When setting resources on Kubernetes pods, I’m finding it very difficult to achieve good memory efficiency.
I’m using the “no CPU limits, set memory=limits” philosophy that I hear heavily recommended on the internet.
The problem is, that many pods will have random memory spikes. In order for them not to be OOM Killed, you have to set the memory requests for them above their highest spike, which means most of the time they’re only using like 25% or so of their memory allocation.
I’ve been trying to optimize this one cluster, and on average I’m only getting 33% of the total memory requested for all the pods in the cluster actually being used. Whenever I try decreasing some pod’s memory requests, I eventually get OOMs. I was hoping I could reach closer to 50%, considering that this particular cluster has a stable workload.
I’m sure that I could optimize it a bit better, but not by much.
Is this a shared experience in Kubernetes?
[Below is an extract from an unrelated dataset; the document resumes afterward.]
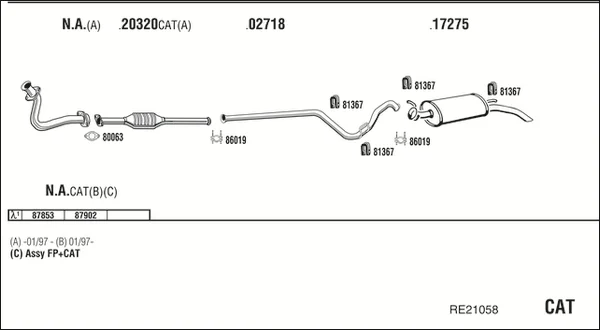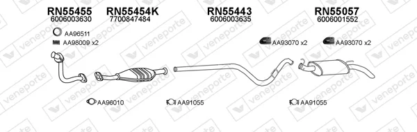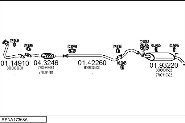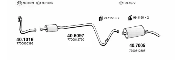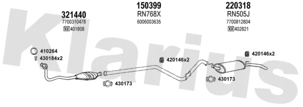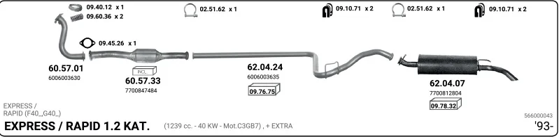 RENAULT RAPID Skříňová/velkoprostorová limuzína (F40_, G40_) 1.2 (F406, G40A) - Výfukový systém - kompletní od 9/1991 do 3/1998, 1239 ccm, 40 kW, 55 hp, C3G 710, C3G 712, Skříňová/velkoprostorová limuzína

That you ultimately have to sacrifice a lot of memory efficiency.
Others are correct, the problem is the software. You are right to use memory requests and limits. The limits being the max it will use, but hopefully other pods won’t be using all of their limits at once.
So all of the pods’ memory requests on a given node will sum to < 100% of the total available memory. So you can of course say your pod requests the highest amount of ram it will ever need, but that does mean it’s reserved for that pod and won’t be used anywhere else even during downtime
K8s will allow over provisioning of ram for the limits though because it assumes it will not always need that as you are seeing.
What you can do is to set a priority class on the pod so when it spikes and you don’t have enough ram, it will kill some other pod instead of yours, but that makes other pods more volatile of course.
There’s many options at your disposal, you’ll have to decide what works best for your use case.
That seems like a problem of the application, no? If the workloads have memory leaks or are too eager to get memory to itself, then no cluster will be able to make it perform better.
https://home.robusta.dev/blog/stop-using-cpu-limits
Okay, it’s actually more complex than that. Because on self managed nodes, kubernetes is not the only thing that’s running, so it can make sense to set limits for other non kubernetes workloads hosted on those nodes. And memory is a bit different from CPU. You will have to do some testing and YMMV but just keep the difference between requests and limits in mind.
But my suggestion would be to try to see if you can get away with only setting requests, or with setting high very high limits. See: https://kubernetes.io/docs/tasks/configure-pod-container/assign-memory-resource/#if-you-do-not-specify-a-memory-limit
In order for them not to be OOM Killed, you have to set the memory requests for them above their highest spike, which means most of the time they’re only using like 25% or so of their memory allocation.
Are you sure? Only limits should limit the total memory usage of a pod? Requests should happily let pods use more memory than the request size.
One thing I am curious about is if your pods actually need that much memory. I have heard (horror) stories, where people had an application in Kubernetes with a memory leak, so what they did instead of fixing the memory leak, was to just regularly kill pods and restart new ones that weren’t leaking yet. :/
To answer your actual question about memory optimization, no. Even google still “wastes” memory by having requests and limits higher than what pods usually use. It is very difficult to prune and be ultra efficient. If an outage due to OOM costs more than paying for more resources would, then people just resort to the latter.